§ **Records from a data collection**
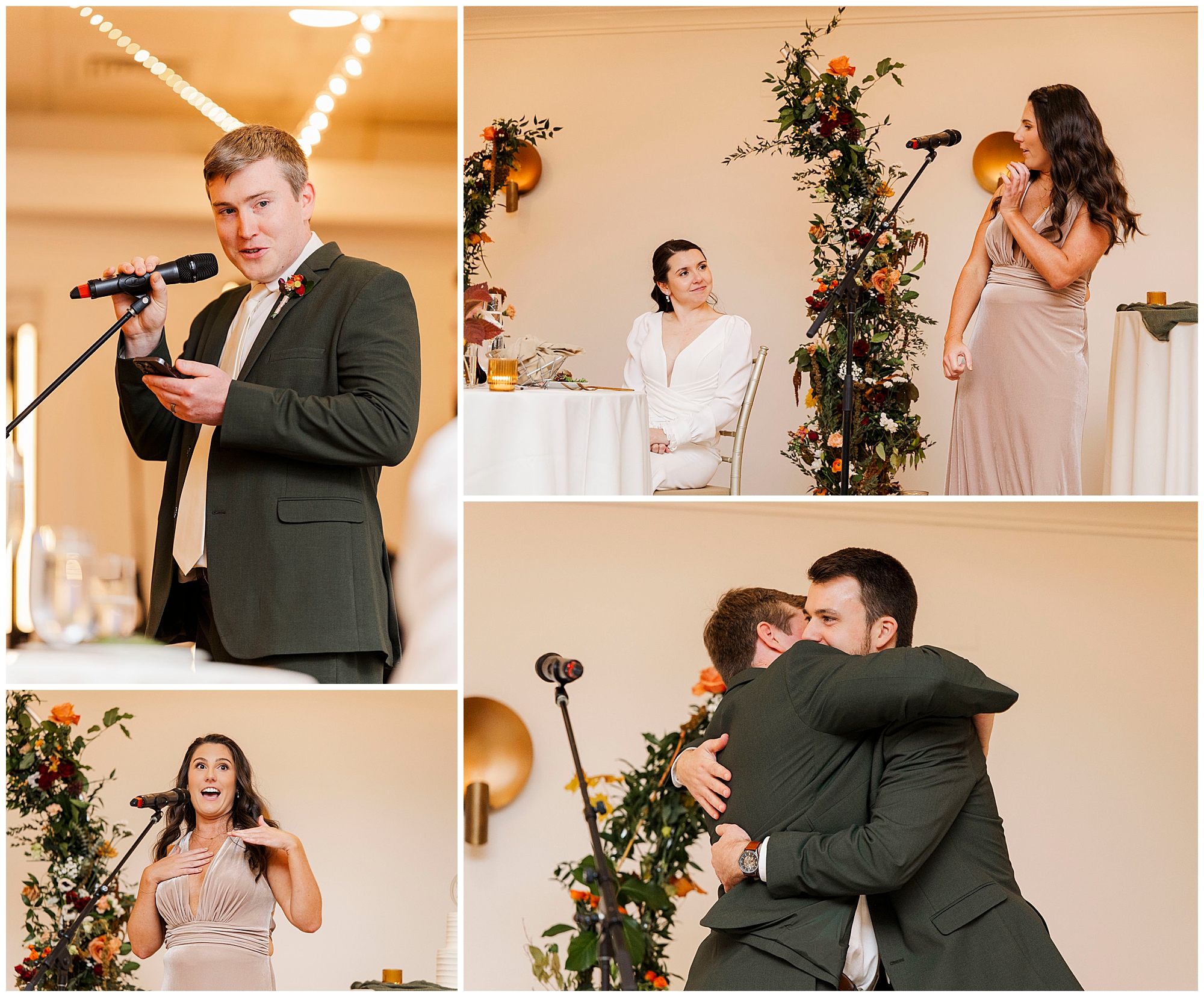 The night wraps up with everyone on their feet, celebrating under the warm glow of the ballroom lights. It’s one of those weddings where you can feel the love radiating from every person in the room. The fall setting, the heartfelt moments, and the venue’s charm all come together beautifully. We leave feeling grateful to have documented such an incredible day for these two.
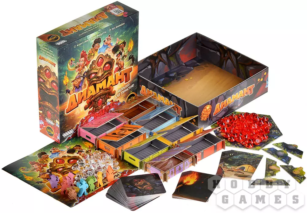 "Диамант" – это динамичная семейная настольная игра про риск и жадность, получившая новое яркое оформление. Вас ждут стильный мультяшный дизайн, харизматичные персонажи и удобное поле с подвижными жетонами входов в пещеру. Игра идеально подойдёт для семьи, компании друзей и вечеринок, легко объясняется новичкам и при этом каждый раз создаёт новые напряжённые ситуации за столом. Неоднократный лауреат международных премий и заслуженно считается одной из лучших игр для знакомства с настольным хобби.
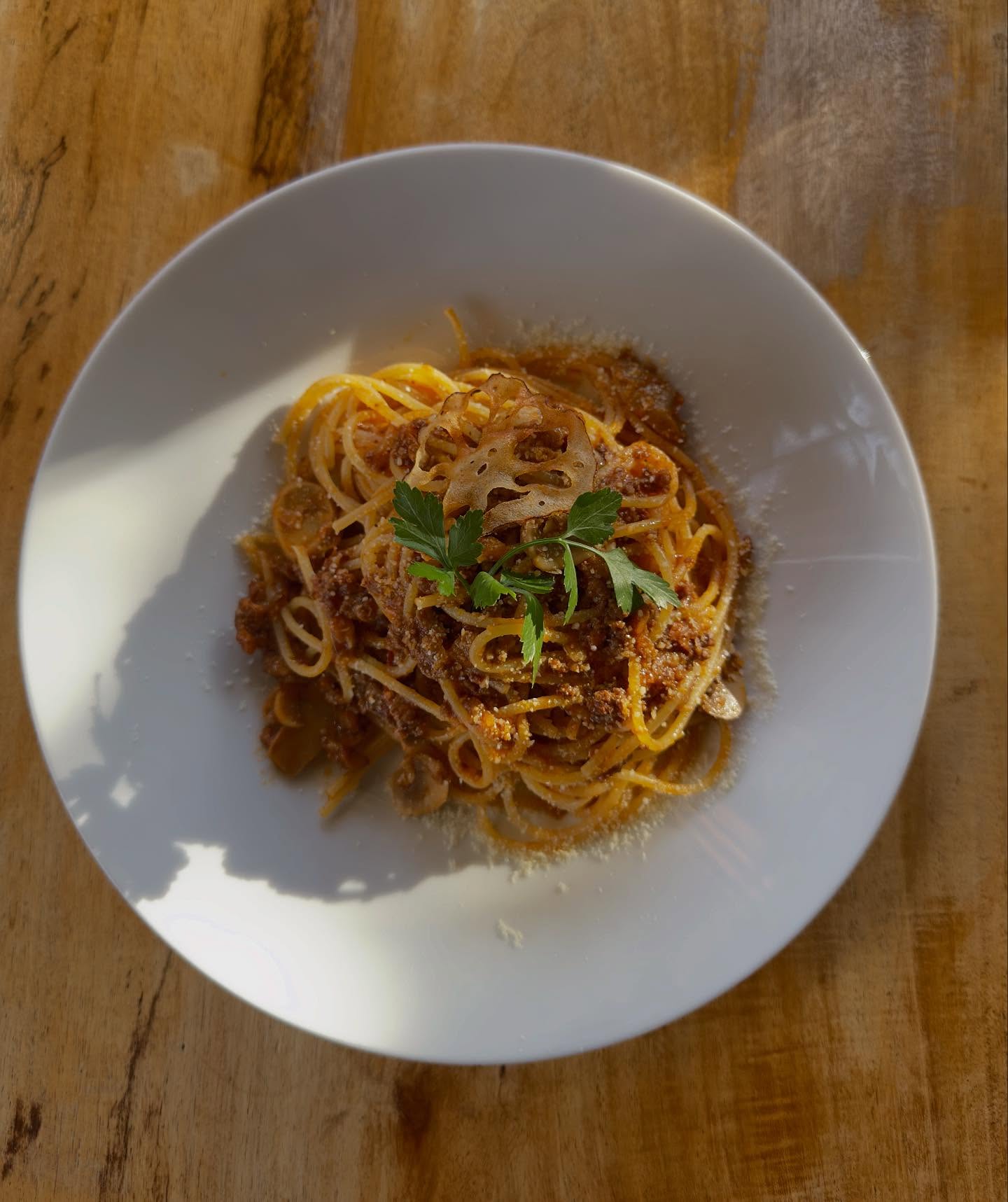 こんにちは🌞ハックルベリーです!📷牛挽肉のミートソースじっくり炒めた玉ねぎと、100%牛挽肉をたっぷり使用。コトコト煮込んで仕上げた、当店自慢の定番メニューです。お子様から大人まで、みんな大好きなミー..
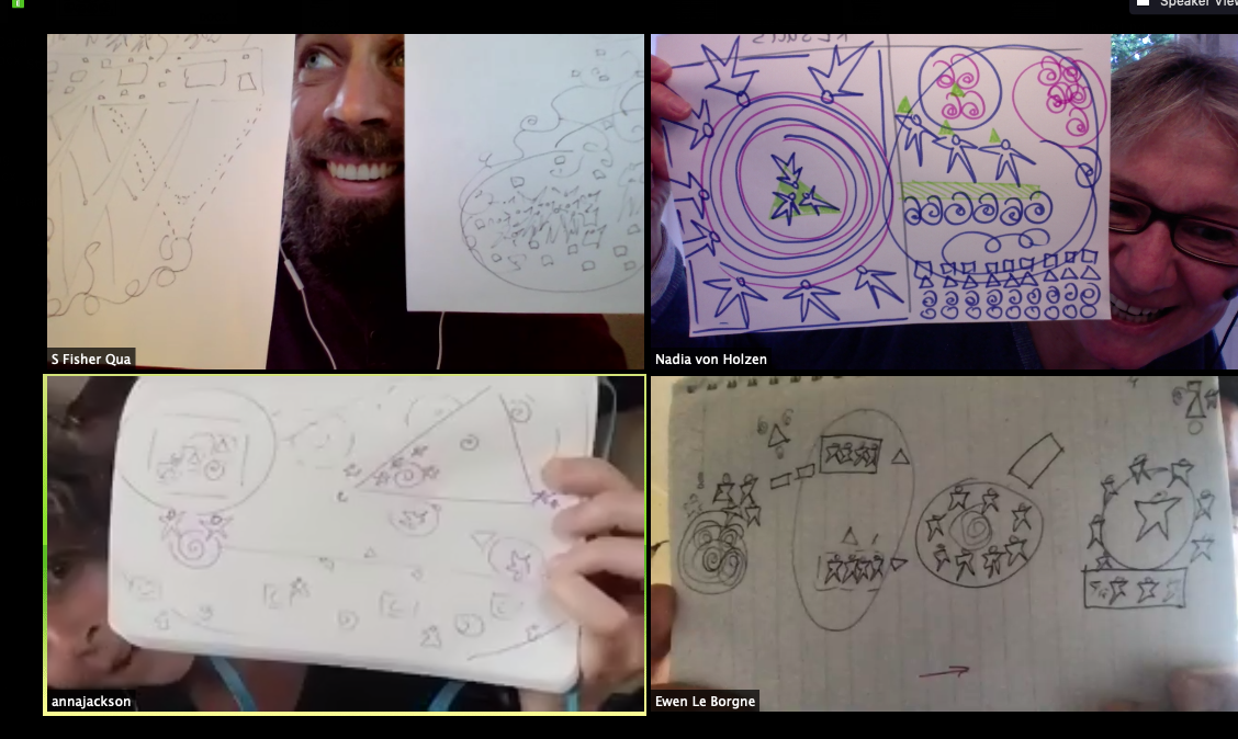 I love drawing in an online workshop. It gives some quiet reflection time, away from the screen. The drawings are easy to share, just hold them in front of the webcam. Or take a photo and share it through WhatsApp or other channels. There are no limitations on when and where to draw.
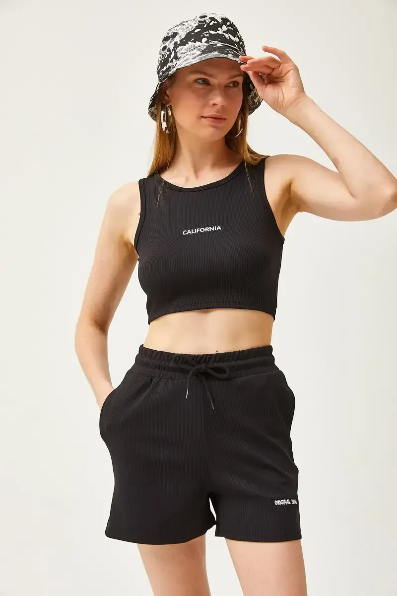 Women's shorts suit, black embroidered suit, lycra shorts, comfortable suit, stylish women's clothing, summer suit, everyday elegance, special design suit, cotton suit, women's fashion
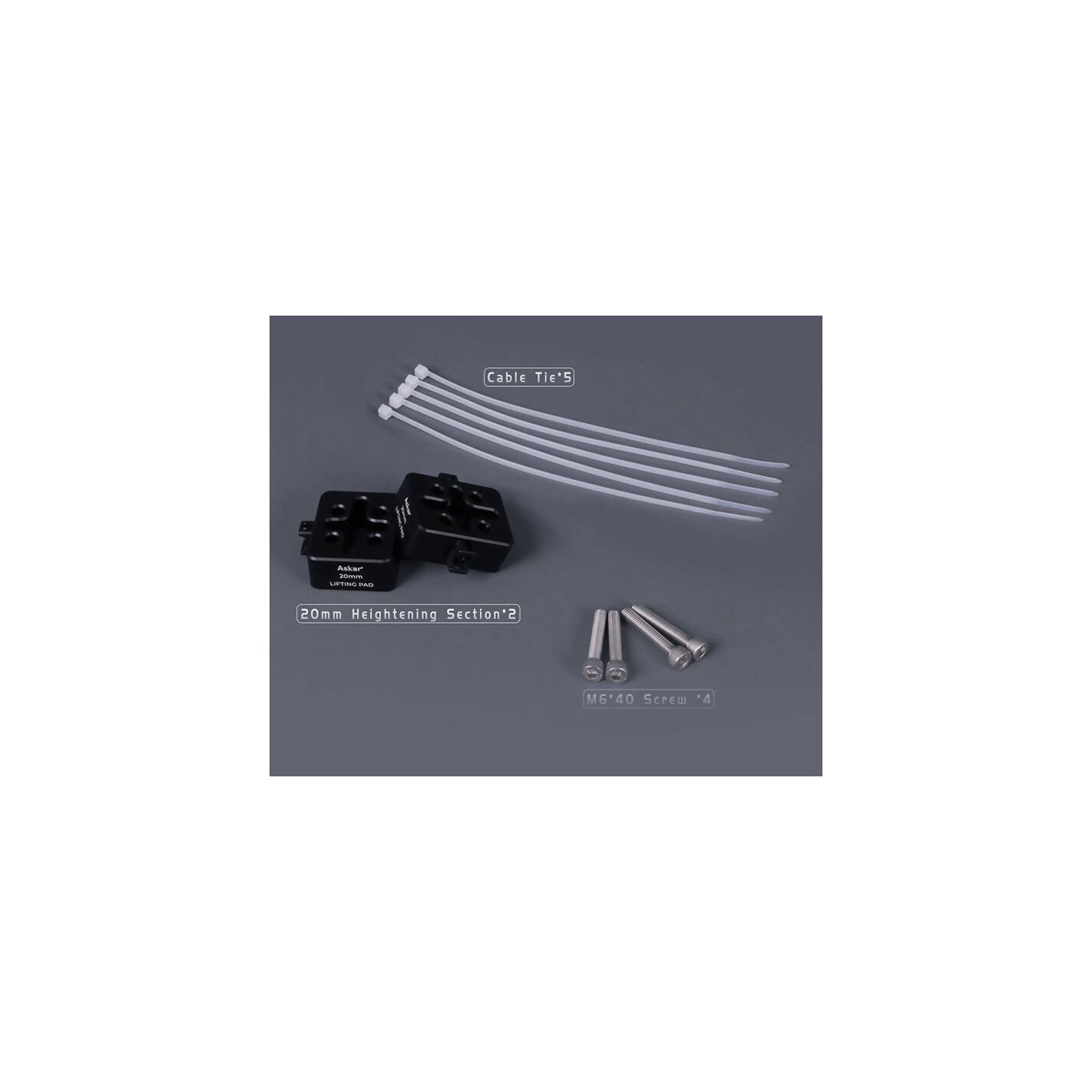 The kit includes two 20 mm riser blocks, four 40 mm M6 screws for installation and five cable management flanges, which can be attached to either side of the blocks for neat and efficient cable routing.

§ **EXERCISE**
Set the entries down again exactly. Do not include the images.

§ **OUTPUT OF THE TASK**
 The night wraps up with everyone on their feet, celebrating under the warm glow of the ballroom lights. It’s one of those weddings where you can feel the love radiating from every person in the room. The fall setting, the heartfelt moments, and the venue’s charm all come together beautifully. We leave feeling grateful to have documented such an incredible day for these two.
 "Диамант" – это динамичная семейная настольная игра про риск и жадность, получившая новое яркое оформление. Вас ждут стильный мультяшный дизайн, харизматичные персонажи и удобное поле с подвижными жетонами входов в пещеру. Игра идеально подойдёт для семьи, компании друзей и вечеринок, легко объясняется новичкам и при этом каждый раз создаёт новые напряжённые ситуации за столом. Неоднократный лауреат международных премий и заслуженно считается одной из лучших игр для знакомства с настольным хобби.
 こんにちは🌞ハックルベリーです!📷牛挽肉のミートソースじっくり炒めた玉ねぎと、100%牛挽肉をたっぷり使用。コトコト煮込んで仕上げた、当店自慢の定番メニューです。お子様から大人まで、みんな大好きなミー..
 I love drawing in an online workshop. It gives some quiet reflection time, away from the screen. The drawings are easy to share, just hold them in front of the webcam. Or take a photo and share it through WhatsApp or other channels. There are no limitations on when and where to draw.
 Women's shorts suit, black embroidered suit, lycra shorts, comfortable suit, stylish women's clothing, summer suit, everyday elegance, special design suit, cotton suit, women's fashion
 The kit includes two 20 mm riser blocks, four 40 mm M6 screws for installation and five cable management flanges, which can be attached to either side of the blocks for neat and efficient cable routing.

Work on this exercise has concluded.